__TRY IT__:
Return the stretch from the line with "Футболка свободного силуэта." through the line with "UGREEN スマホスタンド 卓上用" in the data below, character for character, skipping all pictures.

__RECORDS__:
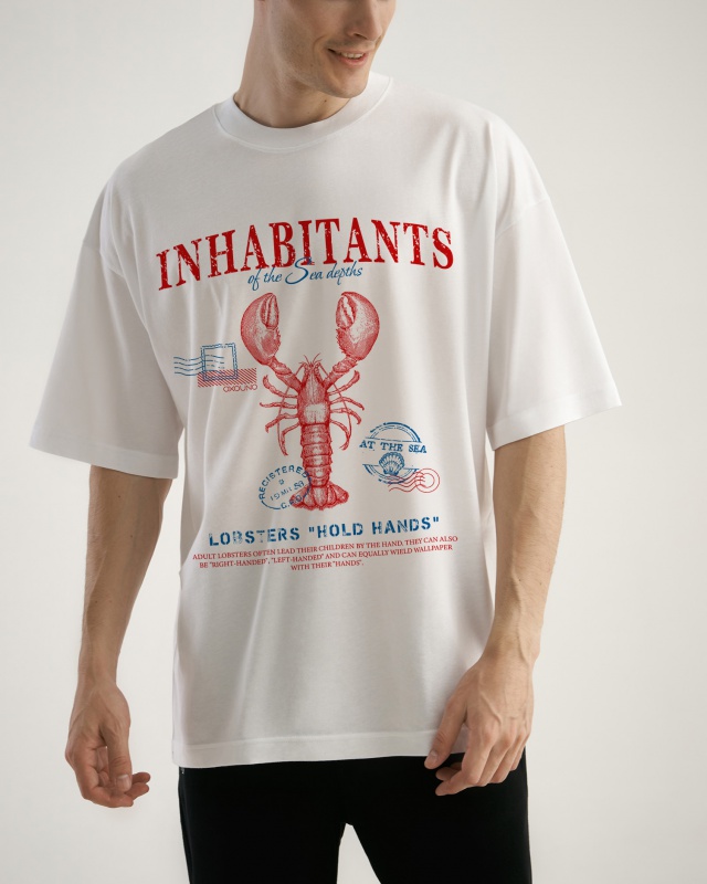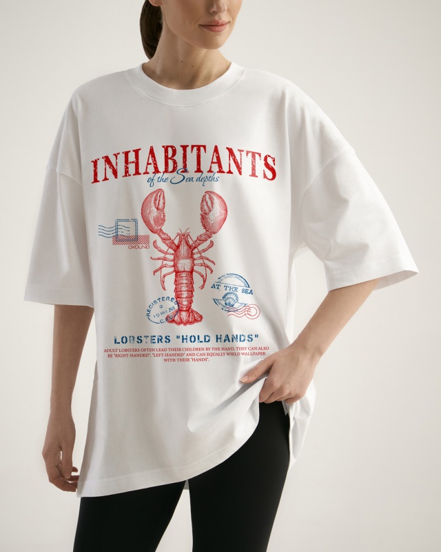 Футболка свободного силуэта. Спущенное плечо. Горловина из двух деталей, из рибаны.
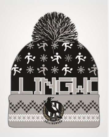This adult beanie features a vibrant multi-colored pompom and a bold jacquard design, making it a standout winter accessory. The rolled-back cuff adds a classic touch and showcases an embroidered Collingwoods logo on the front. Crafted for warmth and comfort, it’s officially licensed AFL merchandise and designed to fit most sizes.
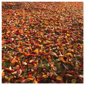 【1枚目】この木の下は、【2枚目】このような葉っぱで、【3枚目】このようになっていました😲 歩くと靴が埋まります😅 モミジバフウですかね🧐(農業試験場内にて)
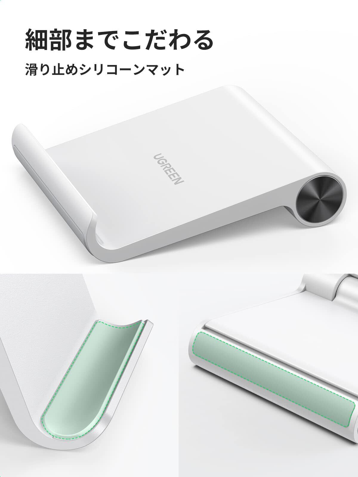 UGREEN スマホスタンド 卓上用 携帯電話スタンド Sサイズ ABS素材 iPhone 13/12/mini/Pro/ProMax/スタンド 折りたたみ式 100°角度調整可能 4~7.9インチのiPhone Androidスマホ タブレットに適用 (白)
* * *
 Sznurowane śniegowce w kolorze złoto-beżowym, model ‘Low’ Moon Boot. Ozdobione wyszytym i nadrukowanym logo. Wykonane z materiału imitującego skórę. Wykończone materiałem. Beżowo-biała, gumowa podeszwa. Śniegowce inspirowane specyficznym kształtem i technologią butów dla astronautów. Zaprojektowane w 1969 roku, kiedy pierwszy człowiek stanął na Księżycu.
---
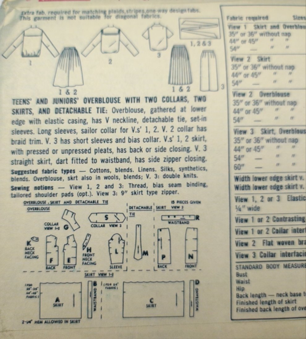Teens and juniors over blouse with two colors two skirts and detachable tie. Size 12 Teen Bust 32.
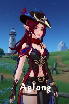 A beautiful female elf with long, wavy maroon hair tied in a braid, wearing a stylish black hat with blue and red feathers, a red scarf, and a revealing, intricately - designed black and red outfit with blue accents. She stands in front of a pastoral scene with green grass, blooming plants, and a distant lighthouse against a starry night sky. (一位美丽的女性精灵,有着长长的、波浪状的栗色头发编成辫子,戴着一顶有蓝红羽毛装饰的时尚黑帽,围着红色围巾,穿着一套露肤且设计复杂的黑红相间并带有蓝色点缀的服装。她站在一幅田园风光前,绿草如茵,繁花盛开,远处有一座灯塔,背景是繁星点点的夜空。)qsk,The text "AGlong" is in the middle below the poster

__ANSWER BOX__:
 Футболка свободного силуэта. Спущенное плечо. Горловина из двух деталей, из рибаны.
This adult beanie features a vibrant multi-colored pompom and a bold jacquard design, making it a standout winter accessory. The rolled-back cuff adds a classic touch and showcases an embroidered Collingwoods logo on the front. Crafted for warmth and comfort, it’s officially licensed AFL merchandise and designed to fit most sizes.
 【1枚目】この木の下は、【2枚目】このような葉っぱで、【3枚目】このようになっていました😲 歩くと靴が埋まります😅 モミジバフウですかね🧐(農業試験場内にて)
 UGREEN スマホスタンド 卓上用 携帯電話スタンド Sサイズ ABS素材 iPhone 13/12/mini/Pro/ProMax/スタンド 折りたたみ式 100°角度調整可能 4~7.9インチのiPhone Androidスマホ タブレットに適用 (白)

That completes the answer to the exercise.